Posted On 2006-01-10 by FortyPoundHead
Tags: Software Hack/Tweak Tutorial Windows XP
Views: 2886

Although Windows Update and WSUS are both generally pretty simple to configure, you can sometimes gain a higher level of control over them by making a few minor modifications to the Windows registry. In this article, I will show you some registry keys that are associated with Windows Update. As I do, I will show you the various settings that you can assign to those registry keys.

Modifying the Windows registry can be dangerous. Incorrectly modifying the registry can destroy Windows and / or your applications. It is therefore strongly recommend that you perform a full system backup prior to attempting any of the techniques that I am about to show you.

Now that I’ve gotten the standard disclaimer out of the way, there is one more thing that I need to tell you before I get started. The registry tweaks that I am about to show you are intended for machines that are running Windows XP. You can apply the tweaks to individual machines directly, or you can apply modifications as a part of a login script. Also, some of the keys that I am going to be talking about may not exist by default. If you want to use a key that does not exist, you will have to create it. You should also keep in mind that Windows Update’s behavior can be controlled by a group policy, and that if a group policy is in effect, it can cause portions of the registry to be overwritten after you have made changes.

Elevation of Privileges
One of the problems with receiving updates from a WSUS server is that users are not allowed to approve or disapprove of updates unless they are a member of the local administrators group. However, you can use the registry to give users an elevation of privileges that will allow them to approve or disapprove of updates regardless of whether or not they are a local administrator. On the flip side, you could also deny end users the ability to approve updates, reserving that right for Admins.

The registry key that controls this behavior is: HKLM\SOFTWARE\Policies\Microsoft\Windows\WindowsUpdate\ElevateNonAdmins

The ElevateNonAdmins key has two possible values. The default value of 1 allows non administrators to approve or deny updates. If you change this value to 0, then only administrators will be allowed to approve or deny updates.

Target Groups
One of the nice things about WSUS is that it allows you to use client side targeting. The idea behind client side targeting is that you can set up different computer groups, and you can roll out updates on a group basis. Client side targeting isn’t used by default, but if you decide to use it, then there are two different registry keys that you will have to create. One of these keys enables client side targeting, while the other specifies the name of the target group that the computer belongs to. Both of these registry keys must be created at: HKLM\SOFTWARE\Policies\Microsoft\Windows\WindowsUpdate\

The first key is a DWORD key named TargetGroupEnabled. You can assign this key a value of either 0, which disables client side targeting, or of 1, which enables client side targeting.

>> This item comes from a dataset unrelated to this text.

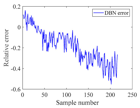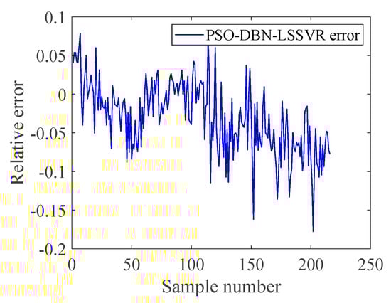 Figure 7, Figure 8, Figure 9, Figure 10 and Figure 11 show the prediction relative error curves of the models, which can be seen that the relative errors of the prediction results of the BP network, LSSVR, and DBN network are relatively large, and the error range was −0.8~0.2. Most of the results of the combined model DBN-LSSVR were maintained at −0.2~0.1, and a small part of the prediction results had large errors. The PSO-DBN-LSSVR model proposed in this paper had a relatively small prediction error, which was closer to 0, basically fluctuating around 0, and had better prediction accuracy.

The other key that you will have to create is string value named TargetGroup. The value that you would assign to this key is the name of the target group that the computer should be assigned to.

Assigning a WSUS Server
If you have been involved in networking for a while, then you probably know that network designs tend to change over time. Things like company growth, new security requirements, and corporate restructurings often force the underlying network to change. So what does this have to do with Windows Update? Well, WSUS is scalable and can be deployed in a hierarchical manner. This means that an organization can have a multitude of WSUS servers deployed. If a PC is moved to a different part of the company, then the WSUS server that it was initially configured to use may no longer be appropriate for its new location. Fortunately, a couple of simple registry modifications can be used to change the WSUS server that the PC gets its updates from.

There are actually two registry keys that are used when specifying a WSUS server. Both of these keys are located at: HKLM\SOFTWARE\Policies\Microsoft\Windows\WindowsUpdate\ The first key is named WUServer. This registry key holds a string value which should be entered as the WSUS server’s URL (example: http://servername).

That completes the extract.